### What this task involves
A verbatim restatement of the data, free of pictures, is what you should output.

%%

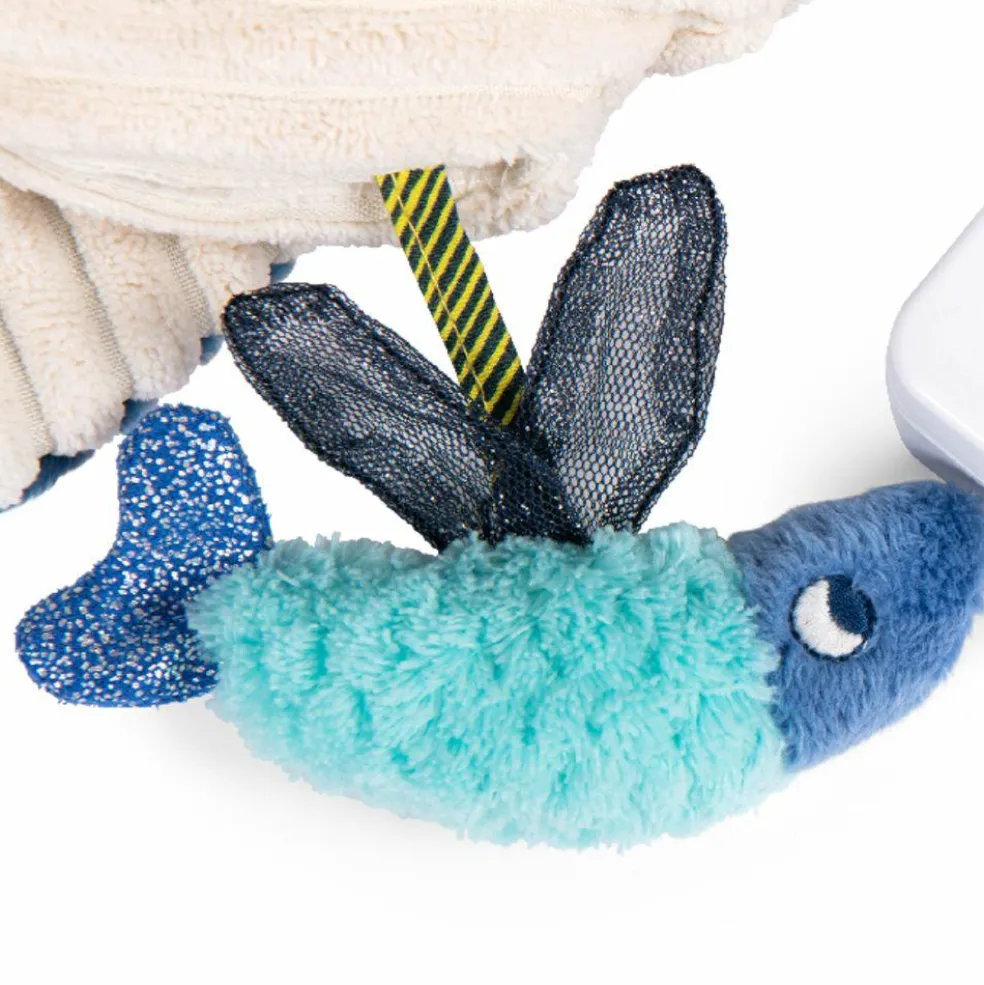 Cette baleine musicale est dotée d’une accroche universelle. Au son de sa douce mélodie, bébé s’endormira paisiblement et à son réveil il pourra jouer avec le miroir sous la nageoire et redécouvrir les diverses textures de ce tendre cétacé.
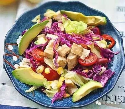 原料:鸡胸肉、牛油果、紫甘蓝、圣女果6颗、玉米50克、生菜、柠檬1个、食盐、橄榄油2勺、红酒、胡椒粉、蜂蜜、迷迭香。做法: 1.柠檬皮擦丝,鸡胸肉放盐,红酒,胡椒粉,柠檬皮,柠檬汁腌制,倒橄榄油,放烤盘中,洒柠檬皮,迷迭香,180度烤15分钟; 2.牛油果切片,沙拉菜洗净放入大碗中,半颗柠檬挤出汁,混合一大勺橄榄油,一勺蜂蜜,调匀; 3.烤好的鸡胸肉切成小块,放入沙拉碗,倒入沙拉汁拌匀。
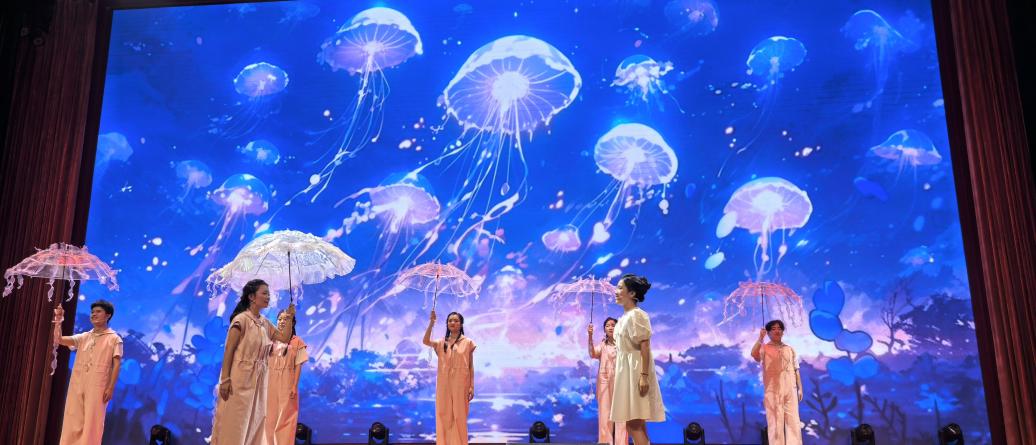 在本次展演中,学生戏剧团原创心理情景剧《无用之海》通过校赛选拔晋级国赛,经历国赛初评与大众网络评审,从全国400余所高校的参赛作品中脱颖而出,成功入围现场展演,与北京大学、上海戏剧学院等高校选送的31部优秀作品同台竞技并获得高度评价。
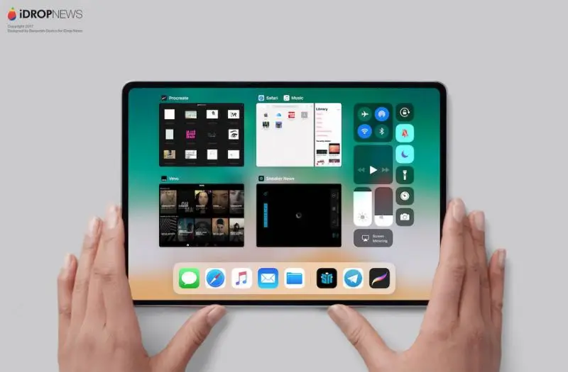 新一代ipad也将迈入全屏时代,减少或完全无边框,取消home键,启动人脸识别解锁模式。
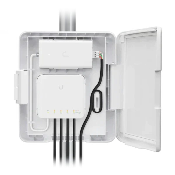 The USW Flex Utility can be easily mounted on a pole, provides clean cable management and screw lock for security.
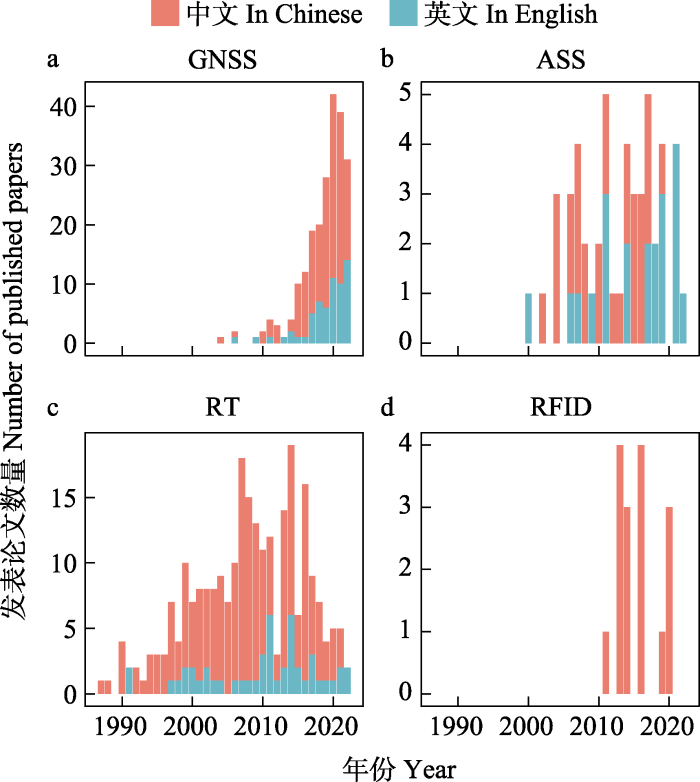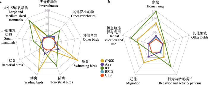 ... 家域(home range)是动物在寻找食物、交配和照顾幼崽的正常活动中所穿越的区域(Burt, 1943), 理解家域对于揭示动物行为, 以及进行有效的野生动物管理和制定保护策略具有至关重要的科学和实践意义.在本研究中, 家域的研究内容包括活动范围和区域(端肖楠等, 2016)、活动模式(张飞宇等, 2020b)、日活动范围(蔡路昀等, 2007)、扩散(楚彬等, 2020)、迁移(刘嘉辉等, 2020)等.在检索获得的276篇相关文献中, 有157篇文献运用了RT术来研究家域(图5), 主要关注小型动物和鸟类的扩散、动物的巢址范围与活动范围、繁殖季家域变化等研究问题.最新的研究探讨了黄河滩中华鳖(Pelodiscus sinensis)的家域(Kong et al, 2021).92篇文献采用了GNSS追踪技术, 关注动物的季节性家域、重引入/野放个体的扩散与家域变化等.近五年来使用GNSS技术的文献数量明显增加.此外, 还有部分研究采用了ASS追踪技术和RFID标记技术, 其中RFID标记技术因其研究半径范围的限制, 主要应用于小型动物的家域研究. ...

%%

### Response to this task
 Cette baleine musicale est dotée d’une accroche universelle. Au son de sa douce mélodie, bébé s’endormira paisiblement et à son réveil il pourra jouer avec le miroir sous la nageoire et redécouvrir les diverses textures de ce tendre cétacé.
 原料:鸡胸肉、牛油果、紫甘蓝、圣女果6颗、玉米50克、生菜、柠檬1个、食盐、橄榄油2勺、红酒、胡椒粉、蜂蜜、迷迭香。做法: 1.柠檬皮擦丝,鸡胸肉放盐,红酒,胡椒粉,柠檬皮,柠檬汁腌制,倒橄榄油,放烤盘中,洒柠檬皮,迷迭香,180度烤15分钟; 2.牛油果切片,沙拉菜洗净放入大碗中,半颗柠檬挤出汁,混合一大勺橄榄油,一勺蜂蜜,调匀; 3.烤好的鸡胸肉切成小块,放入沙拉碗,倒入沙拉汁拌匀。
 在本次展演中,学生戏剧团原创心理情景剧《无用之海》通过校赛选拔晋级国赛,经历国赛初评与大众网络评审,从全国400余所高校的参赛作品中脱颖而出,成功入围现场展演,与北京大学、上海戏剧学院等高校选送的31部优秀作品同台竞技并获得高度评价。
 新一代ipad也将迈入全屏时代,减少或完全无边框,取消home键,启动人脸识别解锁模式。
 The USW Flex Utility can be easily mounted on a pole, provides clean cable management and screw lock for security.
 ... 家域(home range)是动物在寻找食物、交配和照顾幼崽的正常活动中所穿越的区域(Burt, 1943), 理解家域对于揭示动物行为, 以及进行有效的野生动物管理和制定保护策略具有至关重要的科学和实践意义.在本研究中, 家域的研究内容包括活动范围和区域(端肖楠等, 2016)、活动模式(张飞宇等, 2020b)、日活动范围(蔡路昀等, 2007)、扩散(楚彬等, 2020)、迁移(刘嘉辉等, 2020)等.在检索获得的276篇相关文献中, 有157篇文献运用了RT术来研究家域(图5), 主要关注小型动物和鸟类的扩散、动物的巢址范围与活动范围、繁殖季家域变化等研究问题.最新的研究探讨了黄河滩中华鳖(Pelodiscus sinensis)的家域(Kong et al, 2021).92篇文献采用了GNSS追踪技术, 关注动物的季节性家域、重引入/野放个体的扩散与家域变化等.近五年来使用GNSS技术的文献数量明显增加.此外, 还有部分研究采用了ASS追踪技术和RFID标记技术, 其中RFID标记技术因其研究半径范围的限制, 主要应用于小型动物的家域研究. ...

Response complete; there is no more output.